Like many celebrations that were either postponed or curtailed last year due to the global pandemic, the joyous celebration of the Lunar New Year in 2021 will likely take a different approach as countries worldwide continue to grapple with the negative impacts of COVID-19.
Also called Lunar New Year, the annual festival in China and Chinese communities around the world begins with the new moon that occurs sometime between January 21 and February 20 according to Western calendars. Festivities last until the following full moon.
How Long Will it Last?
With an official date of February 12, 2021, Lunar New Year will last about 7 days. Under normal circumstances, the festivities impact supply chains for weeks or even months, with the country celebrating the Year of the Ox in 2021. Factories are shuttered as workers return home for the annual celebration, whose lasting impacts often include shipment delays, quality issues, and even lost packages.
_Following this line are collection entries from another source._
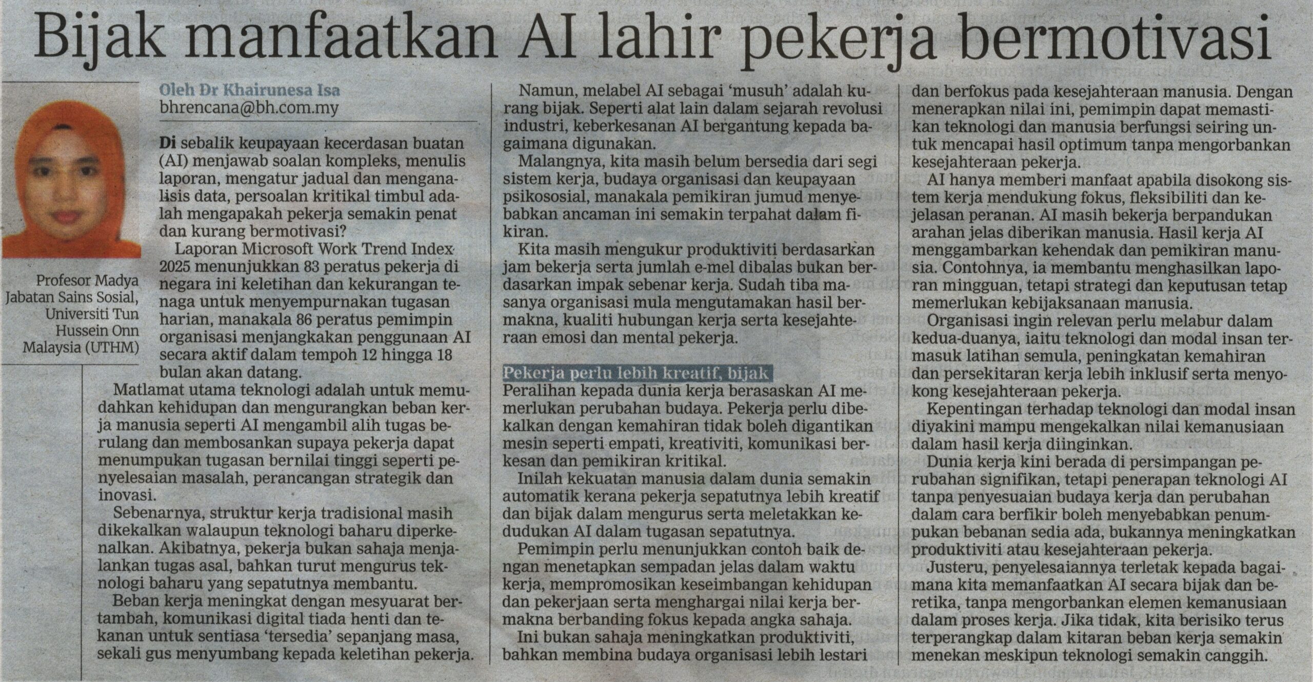 2. Berita Harian (bharian.com.my): Bijak manfaatkan AI lahir pekerja bermotivasi oleh Prof. Madya Dr. Khairunesa Isa, Pusat Pengajian Umum dan Kokurikulum (PPUK), UTHM
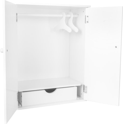 Organizace je polovina úspěchu! Tato šatní skříň pro panenky v jednoduchém designu zaujme zákazníky svou pohodlnou konfigurací. Malým dětem umožňuje hravě udržet ve všem pořádek. Oblečení panenek lze zavěsit na integrovaná ramínka nebo položit na police. Výsuvná zásuvka nabízí také prostor pro vybrané věci pro panenky. Hlavní vlastnosti: všechny jejich oblíbené outfity panenek jsou na jednom místěpraktický doplněk sady nábytku pro panenky součástí jsou dvě ramínka na šaty
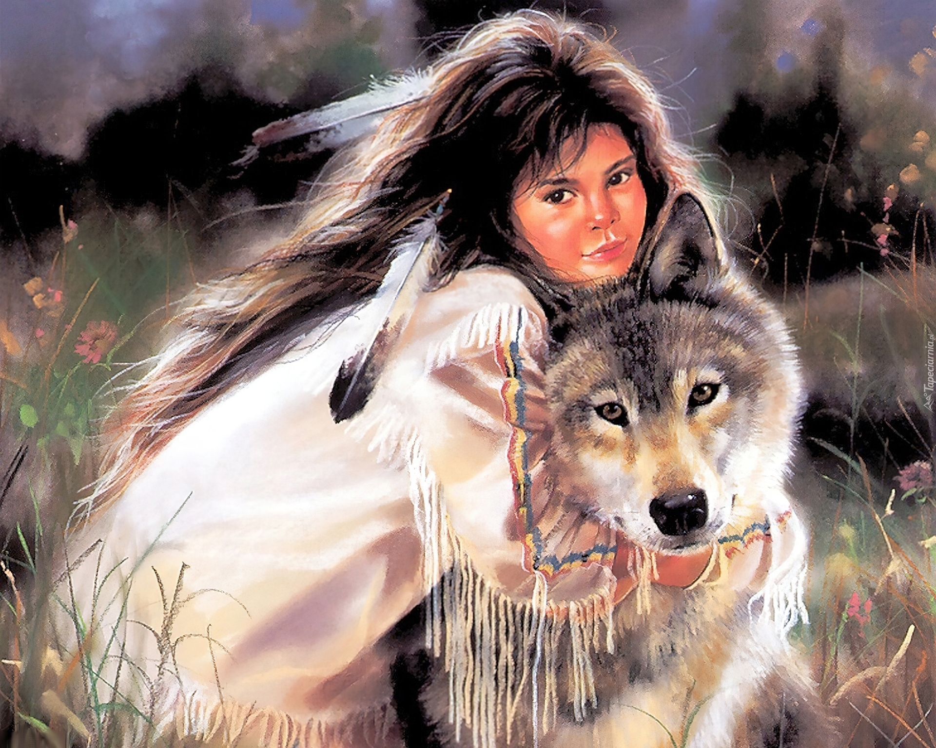 Edytor tapety: Dziewczynka, Indianka, Wilk
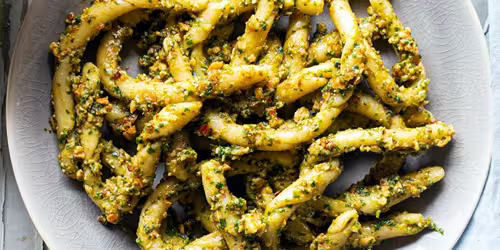 - Combine. Reserve a tablespoon of pasta water, drain busiate, and mix directly with the pesto until glossy and well-coated.

“This holiday period is generally considered a time of fun and celebration for the people of China. However, for manufacturers who rely on China’s manufacturing supply chain, it often serves as a time of stress and frustration,” Triad Magnetics points out, noting that most of the country is shut down for the entire event.
“Additionally, many Chinese workers take the holiday as an opportunity to explore new job options,” it adds. “As a result, Chinese manufacturing facilities are left with unfulfilled production jobs and unfilled job positions, both of which lend to longer lead times for manufactured parts and products.”
Tackling the Logistics
Logistically speaking, Lunar New Year can create major headaches for importers and exporters who often spend months in advance preparing for the potential impacts. Even when the holiday is over, it may still take Chinese factories one to two months to return to normal operations. This is due to an increasing trend of employees unexpectedly not returning to work, Triad explains.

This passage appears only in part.